Vectorization doesn't always speed things up because of SIMD math.
Sometimes it speeds things up because it forces you to overlap independent dependency chains.
We help development teams speed up their C/C++ software.
Performance-related blog: http://johnnysswlab.com
Direct help: http://johnnysswlab.com/consulting
Vectorization doesn't always speed things up because of SIMD math.
Sometimes it speeds things up because it forces you to overlap independent dependency chains.
π New on Johnnyβs Software Lab: Handling floating-point errors in C++ without killing performance!
NaNs, infinities, sticky bits, and traps β what works and whatβs a trap πͺ€.
Read more: https://johnnysswlab.com/floating-point-error-handling-in-c-what-actuall
π¬ Mailing list is live!
New articles + workshop dates (AVX, NEON) straight to your inbox.
π Go to johnnysswlab.com
β‘οΈ Enter your email in the box on the right
Still thinking #Java is slow? A deep dive into Java vs C++ performance will show what are its strengths and what are its weaknesses.

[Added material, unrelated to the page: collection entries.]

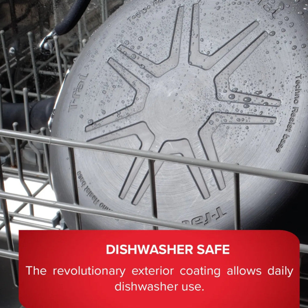 The revolutionary exterior coating allows daily dishwasher use while maintaining T-fal Ultimate’s Hard Anodized satin grey appearance.
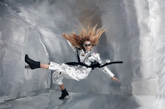 ファッションモデルには、国際的に活動するスタヴ ストラスコさんが起用され、ニューヨークからは著名なスタイリストやメイクアップアーティストが駆けつけました。彼らは無重力空間にふさわしい、近未来的なルックを創り上げました。
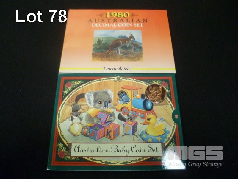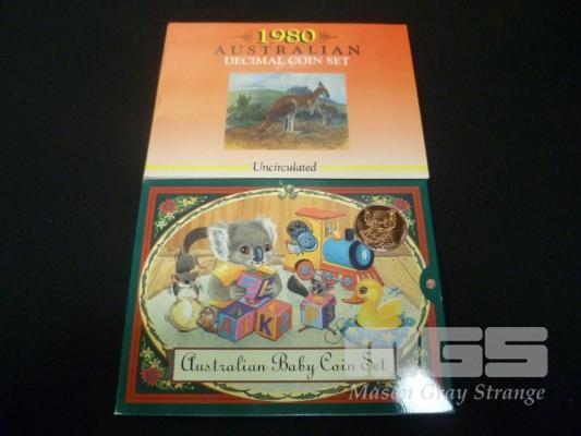 1980 6 COIN UNC SET + 2000 BABY DATE 6 COIN UNC SETS (NO OUTER COVERS)
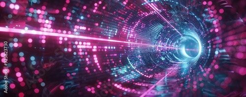 Vibrant digital tunnel with glowing particles and beams of light, creating a futuristic and high-tech atmosphere.
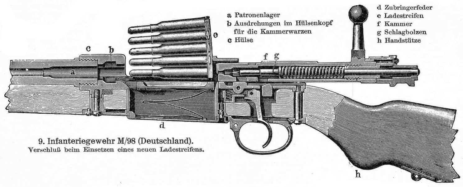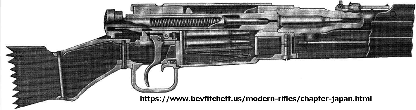世界的におそらく最も作られたであろうモーゼルアクションの断面図です。 ロアタングは伸びていませんね。日本の三十年式小銃の最初の絵と変わりません。 アメリカの1903ライフルでもガランドでもタングは短いです。
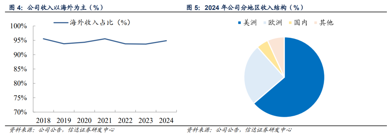 海外业务为主,北美市场占比超60%。公司自成立之初即以海外业务为主,并且手工具及后续拓展的电动工具等品类主要消费市场位于欧美,因公司主要市场位于海外,2018-2024年海外收入占比均值94.5%,2024年继续保持在94.9%的高位。具体地区分布上,以美国为主的美洲地区是绝对大头,2024年收入占比约63.4%,因此美国需求变动对公司业务有较大影响;其次是前期收购Lista、BeA等品牌承接销售渠道和客户体系所进入的欧洲市场,2024年占比约24.6%;此外,公司积极拓展一带一路国家市场,目前占比相对较小。

https://johnnysswlab.com/deep-dive-in-java-vs-c-performance/
9 Things Every Fresh Graduate Should Know About Performance
https://johnnysswlab.com/9-things-every-fresh-graduate-should-know-about-software-performance/
We investigate vector functions, more specifically, how to make your vector function available to the compiler's autovectorizer!

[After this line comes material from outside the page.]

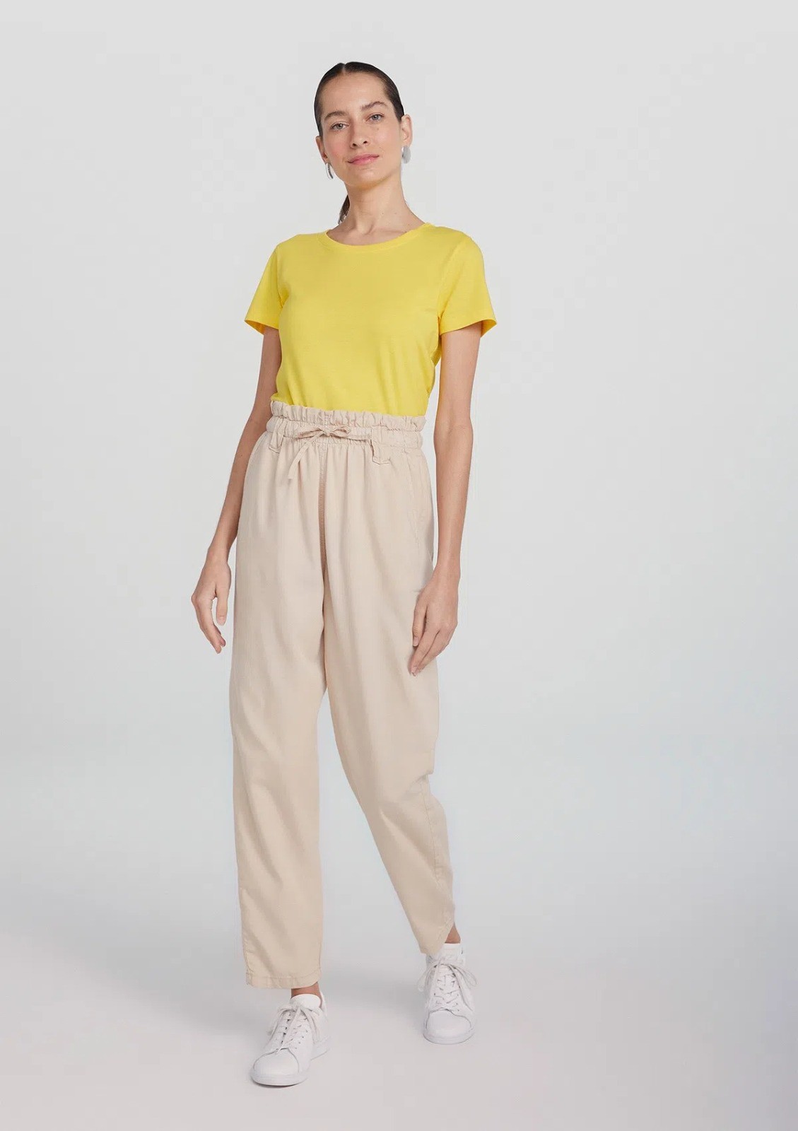 Calça Feminina Cintura Alta Clochard. Desenvolvida em liocel, tecido que assemelha a sarja estruturado com toque macio e que não amassa com facilidade. Com modelagem reta solta ao corpo, cintura alta clochard e cós com cordel para ajuste com efeito drapeado. Possui passantes por cima do cadarço possibilitando o uso de cintos, bolsos funcionais na parte lateral e nas costas. Leve e confortável essa calça é ideal para as estações mais quentes.

#vectorfunctions #simd #openmp #omp
https://johnnysswlab.com/the-messy-reality-of-simd-vector-functions/
Does it matter if we are compiling with optimizations off (O0) or optimizations on (O3) if the problem is memory bound? Letβs find outβ¦
#optimizations #performance #instructionlevelparallelism #ilp #compiler #gcc #memorybound
https://johnnysswlab.com/an-optimizing-compiler-doesnt-help-much-with-long-instruction-dependencies/
Last chance to register for AVX vectorization workshop!

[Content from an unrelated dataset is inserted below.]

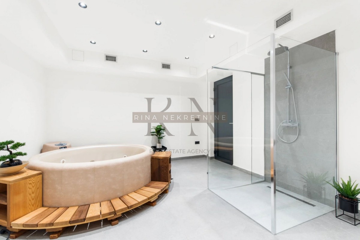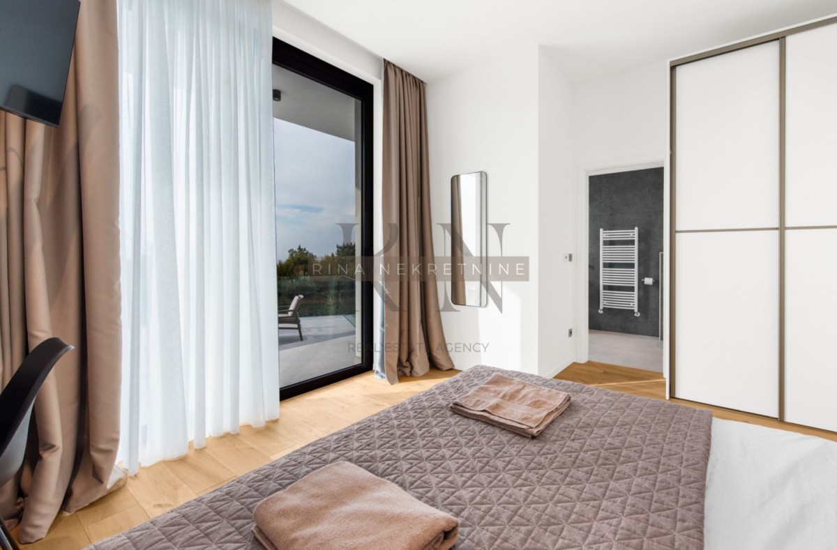 Ova luksuzna vila nudi sve potrebno za uživanje ili kao investicija za najam. Dodatni sadržaji uključuju podrum koji služi kao fitness zona i spa zona, podno grijanje i klimatizaciju. Privatnost i mirno okruženje, a opet blizu svih sadržaja i mora, čine ovu vilu savršenom opcijom.

More info: https://johnnysswlab.com/avx-neon-vectorization-workshop/
Register: info@johnnysswlab.com
A post on how to grow data buffers without memcpy:
https://johnnysswlab.com/growing-buffers-to-avoid-copying-data/
Your program doesnβt run fast enough? You need someone to talk to about your softwareβs performance? You or your team want to learn to write faster software? Whatever it is, we can help you. Check out the consulting page for more info.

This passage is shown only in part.